Exercise aim:
Reproduce the entries in full. Exclude all images from the copy.

Records excerpted from a collection:
Start of Block

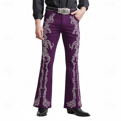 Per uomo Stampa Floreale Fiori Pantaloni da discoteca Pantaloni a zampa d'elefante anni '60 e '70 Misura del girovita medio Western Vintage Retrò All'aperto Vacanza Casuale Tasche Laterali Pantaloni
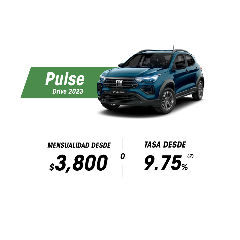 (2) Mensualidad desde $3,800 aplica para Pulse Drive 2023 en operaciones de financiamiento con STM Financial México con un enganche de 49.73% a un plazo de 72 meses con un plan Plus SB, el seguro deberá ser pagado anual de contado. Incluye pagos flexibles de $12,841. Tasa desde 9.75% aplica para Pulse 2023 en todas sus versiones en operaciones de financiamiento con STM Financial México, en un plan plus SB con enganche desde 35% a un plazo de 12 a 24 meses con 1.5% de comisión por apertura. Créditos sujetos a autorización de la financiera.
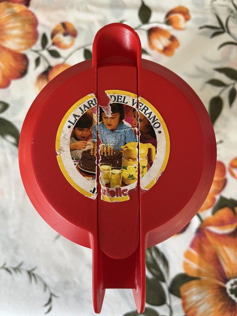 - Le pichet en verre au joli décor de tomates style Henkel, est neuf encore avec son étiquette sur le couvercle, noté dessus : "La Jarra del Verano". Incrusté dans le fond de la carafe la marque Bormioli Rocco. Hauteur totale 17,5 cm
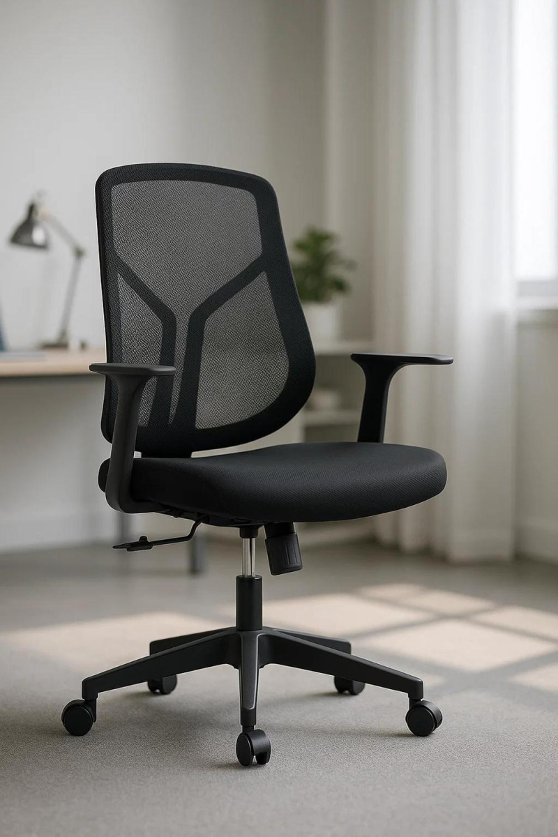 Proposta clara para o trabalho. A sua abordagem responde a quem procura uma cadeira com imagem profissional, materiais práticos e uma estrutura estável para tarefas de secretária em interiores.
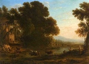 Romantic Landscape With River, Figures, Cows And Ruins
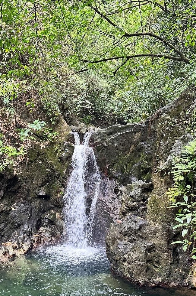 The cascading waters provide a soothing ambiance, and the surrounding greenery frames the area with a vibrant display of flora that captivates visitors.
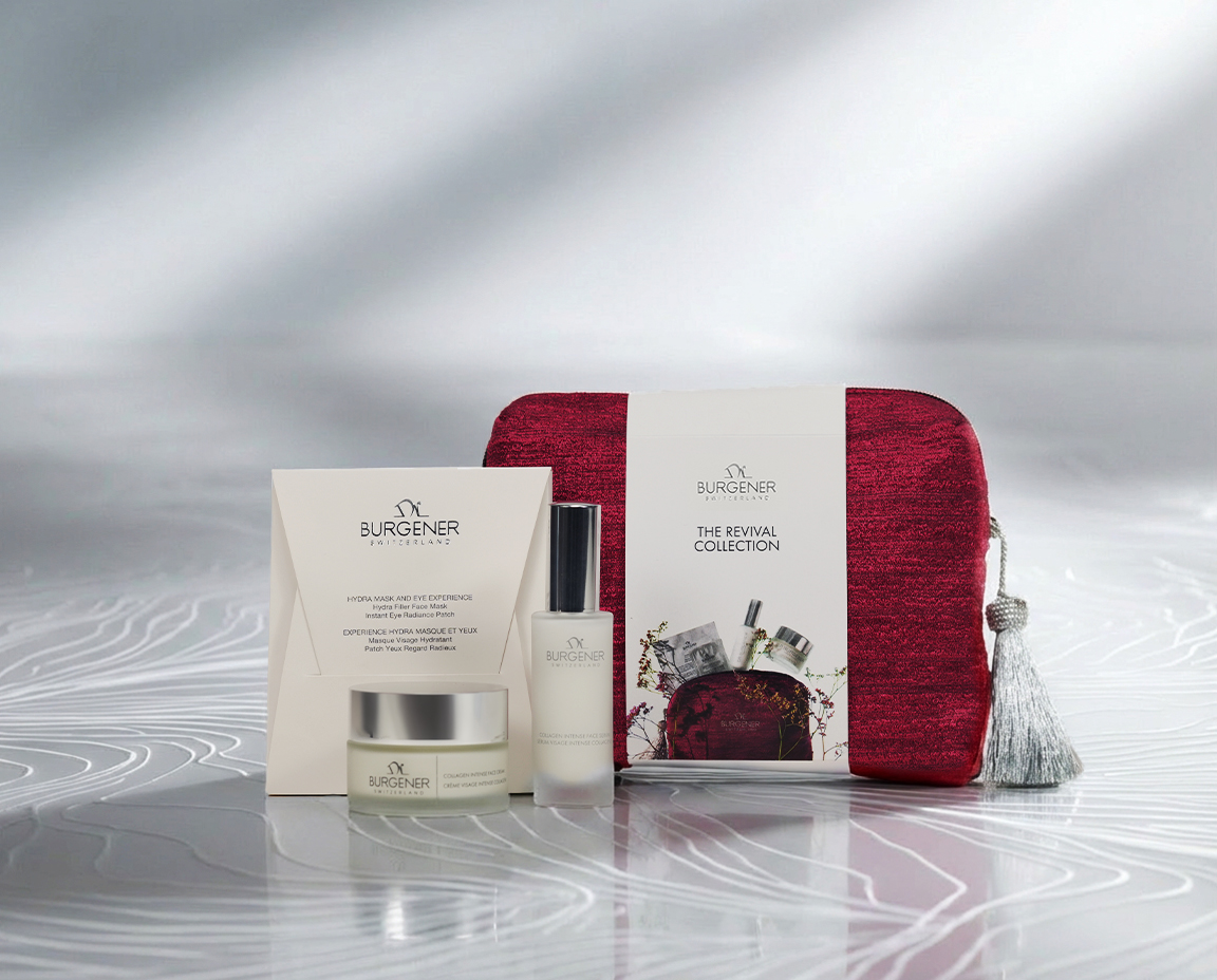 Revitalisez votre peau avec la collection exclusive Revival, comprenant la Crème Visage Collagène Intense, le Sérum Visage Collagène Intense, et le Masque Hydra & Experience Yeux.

End of Block

Task result:
 Per uomo Stampa Floreale Fiori Pantaloni da discoteca Pantaloni a zampa d'elefante anni '60 e '70 Misura del girovita medio Western Vintage Retrò All'aperto Vacanza Casuale Tasche Laterali Pantaloni
 (2) Mensualidad desde $3,800 aplica para Pulse Drive 2023 en operaciones de financiamiento con STM Financial México con un enganche de 49.73% a un plazo de 72 meses con un plan Plus SB, el seguro deberá ser pagado anual de contado. Incluye pagos flexibles de $12,841. Tasa desde 9.75% aplica para Pulse 2023 en todas sus versiones en operaciones de financiamiento con STM Financial México, en un plan plus SB con enganche desde 35% a un plazo de 12 a 24 meses con 1.5% de comisión por apertura. Créditos sujetos a autorización de la financiera.
 - Le pichet en verre au joli décor de tomates style Henkel, est neuf encore avec son étiquette sur le couvercle, noté dessus : "La Jarra del Verano". Incrusté dans le fond de la carafe la marque Bormioli Rocco. Hauteur totale 17,5 cm
 Proposta clara para o trabalho. A sua abordagem responde a quem procura uma cadeira com imagem profissional, materiais práticos e uma estrutura estável para tarefas de secretária em interiores.
 Romantic Landscape With River, Figures, Cows And Ruins
 The cascading waters provide a soothing ambiance, and the surrounding greenery frames the area with a vibrant display of flora that captivates visitors.
 Revitalisez votre peau avec la collection exclusive Revival, comprenant la Crème Visage Collagène Intense, le Sérum Visage Collagène Intense, et le Masque Hydra & Experience Yeux.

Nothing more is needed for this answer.